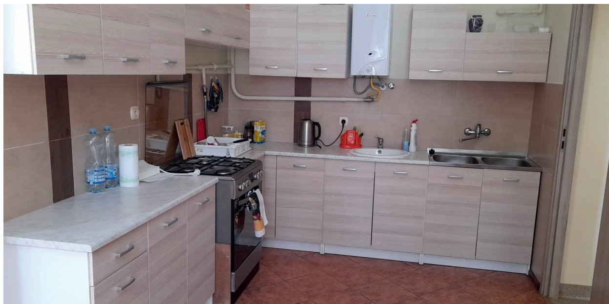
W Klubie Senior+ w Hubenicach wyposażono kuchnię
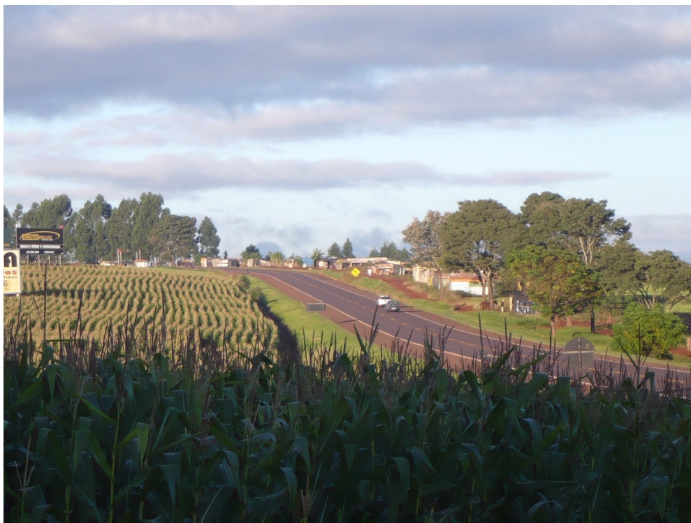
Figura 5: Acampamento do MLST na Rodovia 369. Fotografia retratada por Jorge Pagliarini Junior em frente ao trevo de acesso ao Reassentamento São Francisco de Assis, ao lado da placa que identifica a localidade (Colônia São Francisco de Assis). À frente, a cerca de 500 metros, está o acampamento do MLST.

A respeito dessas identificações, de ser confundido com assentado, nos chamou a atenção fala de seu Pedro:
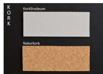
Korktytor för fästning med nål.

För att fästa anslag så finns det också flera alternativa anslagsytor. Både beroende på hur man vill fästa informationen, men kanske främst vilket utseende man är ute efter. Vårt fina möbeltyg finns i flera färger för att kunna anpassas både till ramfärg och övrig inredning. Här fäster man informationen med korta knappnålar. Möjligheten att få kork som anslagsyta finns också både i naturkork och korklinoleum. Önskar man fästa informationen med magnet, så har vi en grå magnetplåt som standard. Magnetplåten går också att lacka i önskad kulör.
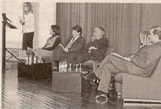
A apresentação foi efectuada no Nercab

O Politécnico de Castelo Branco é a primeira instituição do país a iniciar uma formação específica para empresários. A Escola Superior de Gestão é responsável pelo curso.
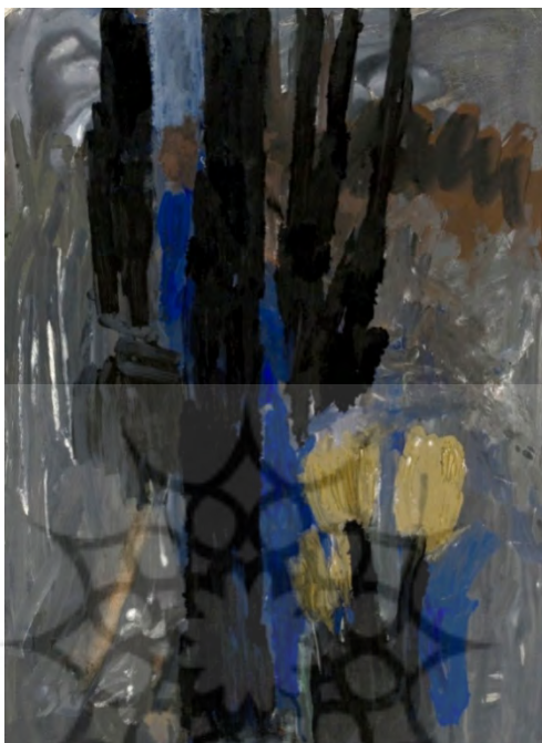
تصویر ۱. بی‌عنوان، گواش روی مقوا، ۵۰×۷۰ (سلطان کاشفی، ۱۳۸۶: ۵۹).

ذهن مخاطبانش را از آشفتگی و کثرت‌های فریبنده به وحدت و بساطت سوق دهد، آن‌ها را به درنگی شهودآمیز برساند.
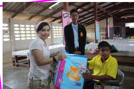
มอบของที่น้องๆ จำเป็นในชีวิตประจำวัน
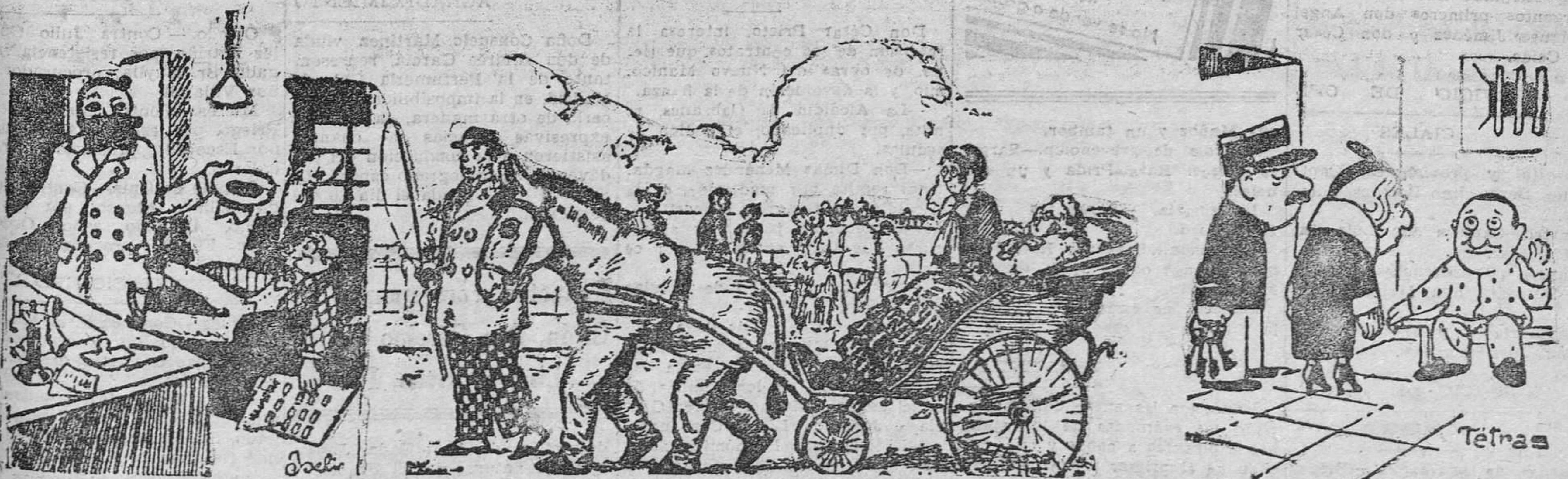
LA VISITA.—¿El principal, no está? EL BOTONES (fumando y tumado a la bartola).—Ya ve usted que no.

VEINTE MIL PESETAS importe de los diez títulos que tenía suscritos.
· · · · ·
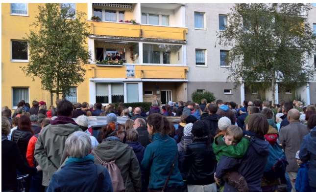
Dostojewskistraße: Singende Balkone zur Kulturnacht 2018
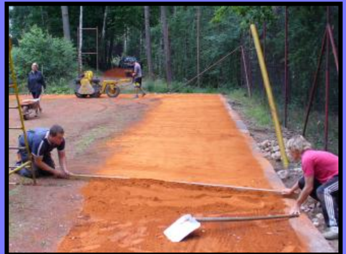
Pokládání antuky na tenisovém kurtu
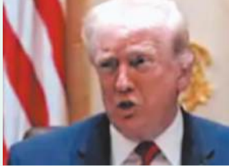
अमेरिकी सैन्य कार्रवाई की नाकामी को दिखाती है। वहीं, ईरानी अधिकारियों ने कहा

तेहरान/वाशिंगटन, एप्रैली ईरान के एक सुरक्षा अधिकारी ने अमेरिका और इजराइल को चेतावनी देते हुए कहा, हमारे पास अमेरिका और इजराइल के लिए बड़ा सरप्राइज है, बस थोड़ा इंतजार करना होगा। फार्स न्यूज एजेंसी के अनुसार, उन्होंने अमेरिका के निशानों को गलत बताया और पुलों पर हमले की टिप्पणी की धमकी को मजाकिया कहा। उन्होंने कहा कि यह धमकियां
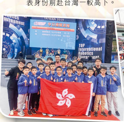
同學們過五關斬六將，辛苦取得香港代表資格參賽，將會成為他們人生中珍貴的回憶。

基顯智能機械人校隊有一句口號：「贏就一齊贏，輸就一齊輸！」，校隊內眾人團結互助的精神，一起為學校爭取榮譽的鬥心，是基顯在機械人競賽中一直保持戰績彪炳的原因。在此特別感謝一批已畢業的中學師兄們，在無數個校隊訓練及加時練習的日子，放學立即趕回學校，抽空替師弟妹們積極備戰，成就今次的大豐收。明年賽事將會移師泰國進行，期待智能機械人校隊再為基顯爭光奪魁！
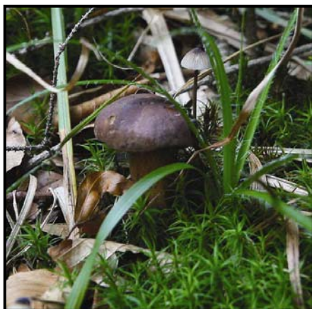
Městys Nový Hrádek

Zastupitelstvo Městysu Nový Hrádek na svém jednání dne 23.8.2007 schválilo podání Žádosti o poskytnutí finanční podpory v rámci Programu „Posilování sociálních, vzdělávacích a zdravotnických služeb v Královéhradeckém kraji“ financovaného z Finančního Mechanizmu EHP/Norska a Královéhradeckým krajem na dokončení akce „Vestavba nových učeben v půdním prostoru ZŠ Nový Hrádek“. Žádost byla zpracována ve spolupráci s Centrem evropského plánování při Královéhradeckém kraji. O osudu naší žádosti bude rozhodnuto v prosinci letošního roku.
· · · · ·
* _Task objective_
Within the material above, find the part that opens with the line containing "تصویر ۱. بی‌عنوان،" and closes with the line containing "มอบของที่น้องๆ จำเป็นในชีวิตประจำวัน", and reproduce it exactly without the pictures.

* _Result_
تصویر ۱. بی‌عنوان، گواش روی مقوا، ۵۰×۷۰ (سلطان کاشفی، ۱۳۸۶: ۵۹).

ذهن مخاطبانش را از آشفتگی و کثرت‌های فریبنده به وحدت و بساطت سوق دهد، آن‌ها را به درنگی شهودآمیز برساند.
มอบของที่น้องๆ จำเป็นในชีวิตประจำวัน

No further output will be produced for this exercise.